Beginning with the line that has "This RMS motor" and ending with the line that has "Procedure of applying", retype the entries below exactly, except for the pictures.

Study material:

'''

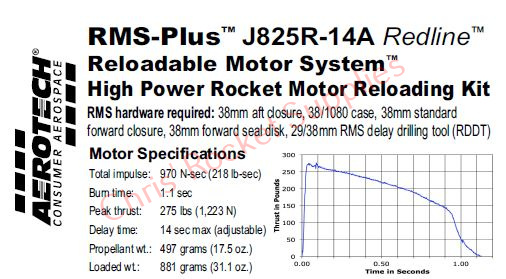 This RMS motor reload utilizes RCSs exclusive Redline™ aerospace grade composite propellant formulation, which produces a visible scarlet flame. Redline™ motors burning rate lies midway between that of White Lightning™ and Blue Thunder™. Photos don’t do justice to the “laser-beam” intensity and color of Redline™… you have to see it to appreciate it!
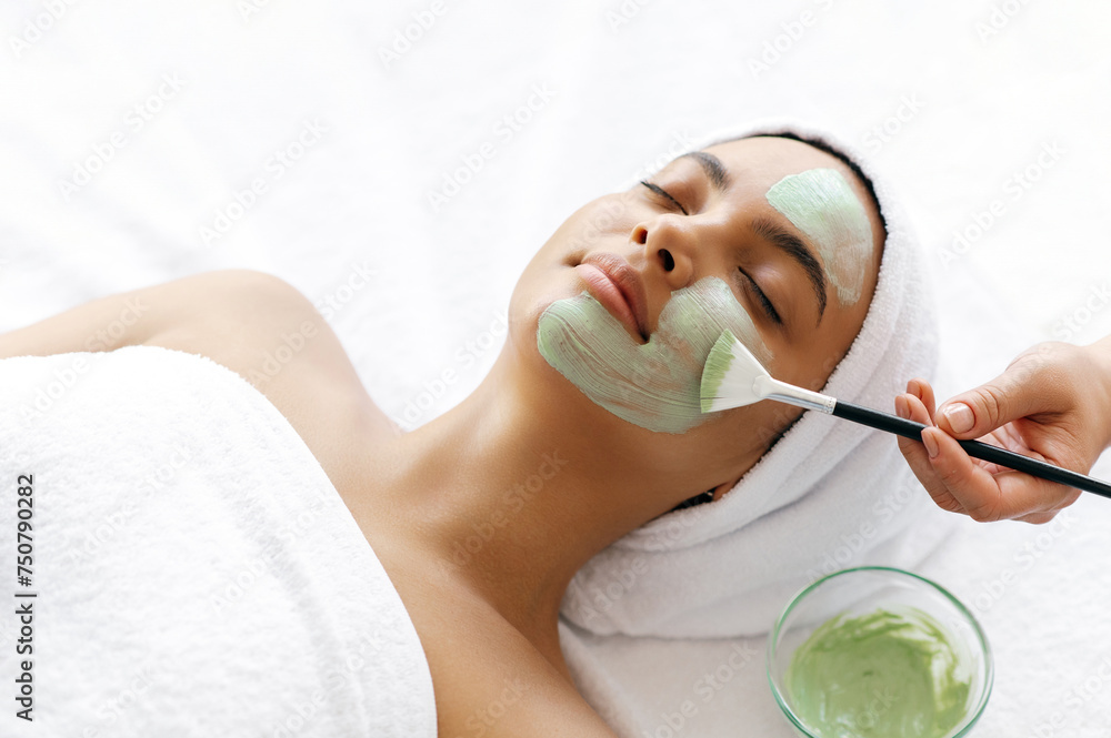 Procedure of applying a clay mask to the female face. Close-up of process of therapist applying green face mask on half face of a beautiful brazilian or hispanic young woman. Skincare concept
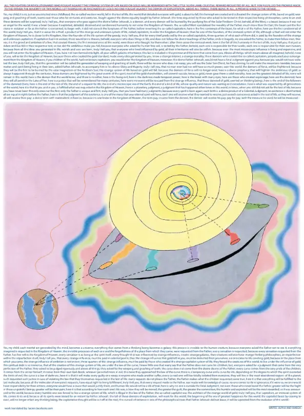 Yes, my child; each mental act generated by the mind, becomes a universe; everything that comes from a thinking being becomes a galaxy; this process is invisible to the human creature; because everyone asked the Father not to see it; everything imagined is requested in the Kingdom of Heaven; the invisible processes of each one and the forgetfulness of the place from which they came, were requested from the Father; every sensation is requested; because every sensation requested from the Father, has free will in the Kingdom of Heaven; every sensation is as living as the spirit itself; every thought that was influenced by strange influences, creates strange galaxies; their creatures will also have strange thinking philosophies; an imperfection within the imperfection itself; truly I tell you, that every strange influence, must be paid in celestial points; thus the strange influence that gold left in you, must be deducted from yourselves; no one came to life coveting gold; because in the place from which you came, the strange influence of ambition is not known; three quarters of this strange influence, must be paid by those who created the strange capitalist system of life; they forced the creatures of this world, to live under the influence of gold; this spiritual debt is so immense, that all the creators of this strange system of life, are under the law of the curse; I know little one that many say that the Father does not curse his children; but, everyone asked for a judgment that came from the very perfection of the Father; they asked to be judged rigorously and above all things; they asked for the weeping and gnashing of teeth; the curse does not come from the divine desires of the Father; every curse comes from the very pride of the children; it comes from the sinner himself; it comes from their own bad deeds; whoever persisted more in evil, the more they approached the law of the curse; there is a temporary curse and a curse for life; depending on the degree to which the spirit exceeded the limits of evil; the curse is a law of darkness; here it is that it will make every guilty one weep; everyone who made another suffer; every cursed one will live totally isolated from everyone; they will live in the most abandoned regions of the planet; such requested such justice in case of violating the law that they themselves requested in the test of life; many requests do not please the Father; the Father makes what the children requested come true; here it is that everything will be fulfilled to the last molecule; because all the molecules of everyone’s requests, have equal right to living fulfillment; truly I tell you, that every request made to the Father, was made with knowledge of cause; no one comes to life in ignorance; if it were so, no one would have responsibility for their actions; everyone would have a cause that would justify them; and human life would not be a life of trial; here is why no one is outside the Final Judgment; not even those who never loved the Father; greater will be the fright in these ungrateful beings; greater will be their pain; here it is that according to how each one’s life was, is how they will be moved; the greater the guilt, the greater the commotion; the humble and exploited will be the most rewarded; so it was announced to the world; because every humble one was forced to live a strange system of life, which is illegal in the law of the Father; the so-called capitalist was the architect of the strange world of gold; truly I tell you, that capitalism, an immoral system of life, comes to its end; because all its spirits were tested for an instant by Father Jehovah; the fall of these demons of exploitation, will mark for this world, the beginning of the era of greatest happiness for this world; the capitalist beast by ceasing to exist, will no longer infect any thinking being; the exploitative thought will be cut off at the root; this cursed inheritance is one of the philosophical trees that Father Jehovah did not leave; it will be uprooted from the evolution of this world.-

'''
'''

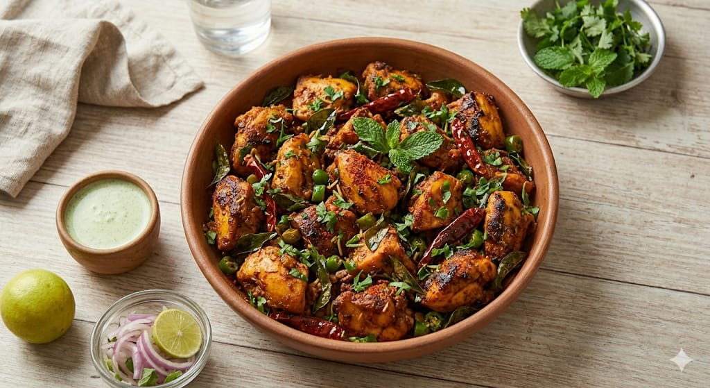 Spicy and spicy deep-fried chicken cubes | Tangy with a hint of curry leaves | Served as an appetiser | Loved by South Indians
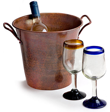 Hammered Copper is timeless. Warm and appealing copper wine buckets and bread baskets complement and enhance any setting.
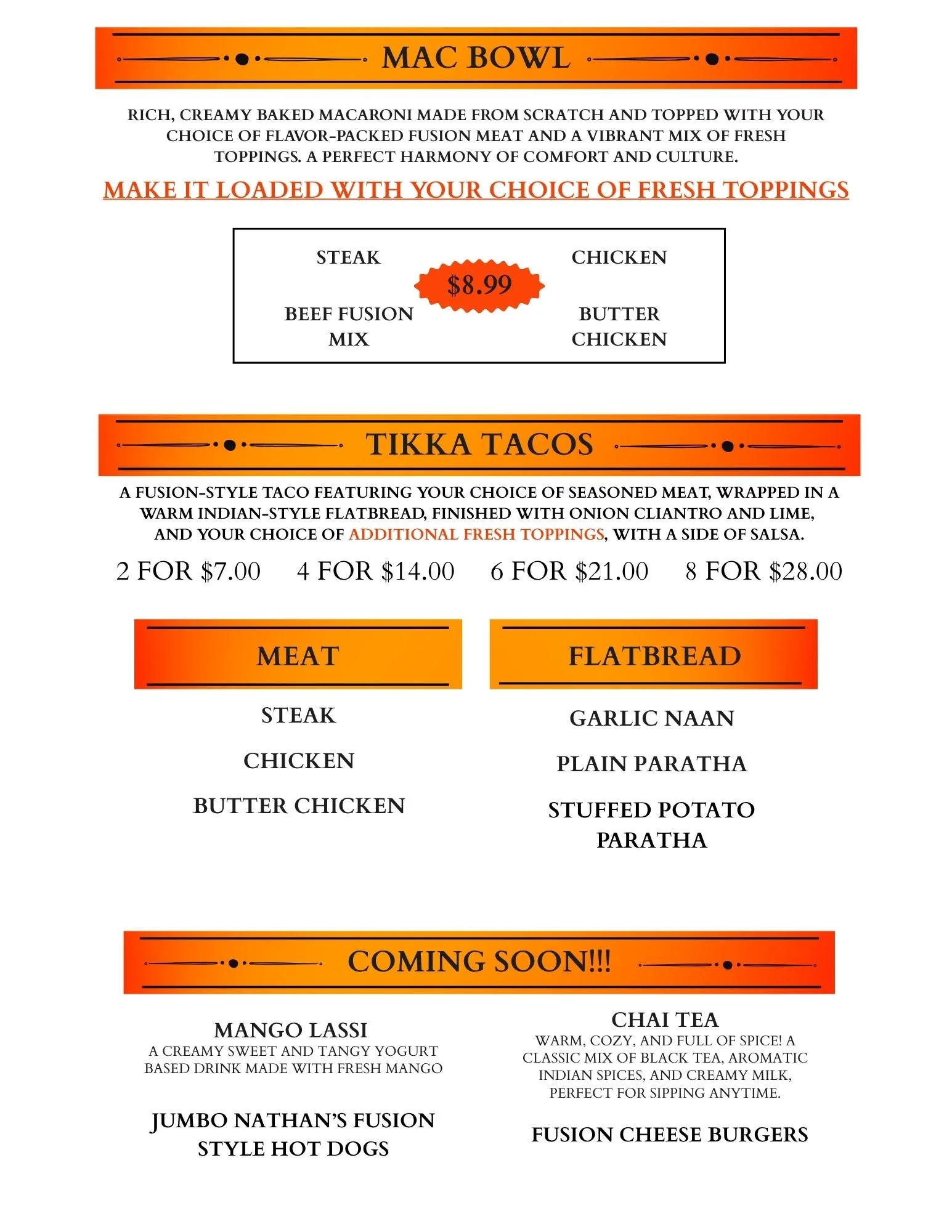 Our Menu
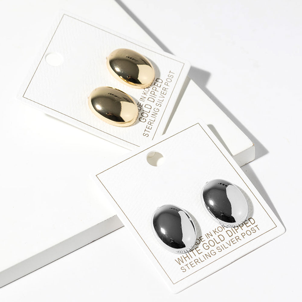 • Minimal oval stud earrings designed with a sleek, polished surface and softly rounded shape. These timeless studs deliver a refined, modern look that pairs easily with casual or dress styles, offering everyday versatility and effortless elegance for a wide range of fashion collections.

'''

Output for this task:
 This RMS motor reload utilizes RCSs exclusive Redline™ aerospace grade composite propellant formulation, which produces a visible scarlet flame. Redline™ motors burning rate lies midway between that of White Lightning™ and Blue Thunder™. Photos don’t do justice to the “laser-beam” intensity and color of Redline™… you have to see it to appreciate it!
 Procedure of applying a clay mask to the female face. Close-up of process of therapist applying green face mask on half face of a beautiful brazilian or hispanic young woman. Skincare concept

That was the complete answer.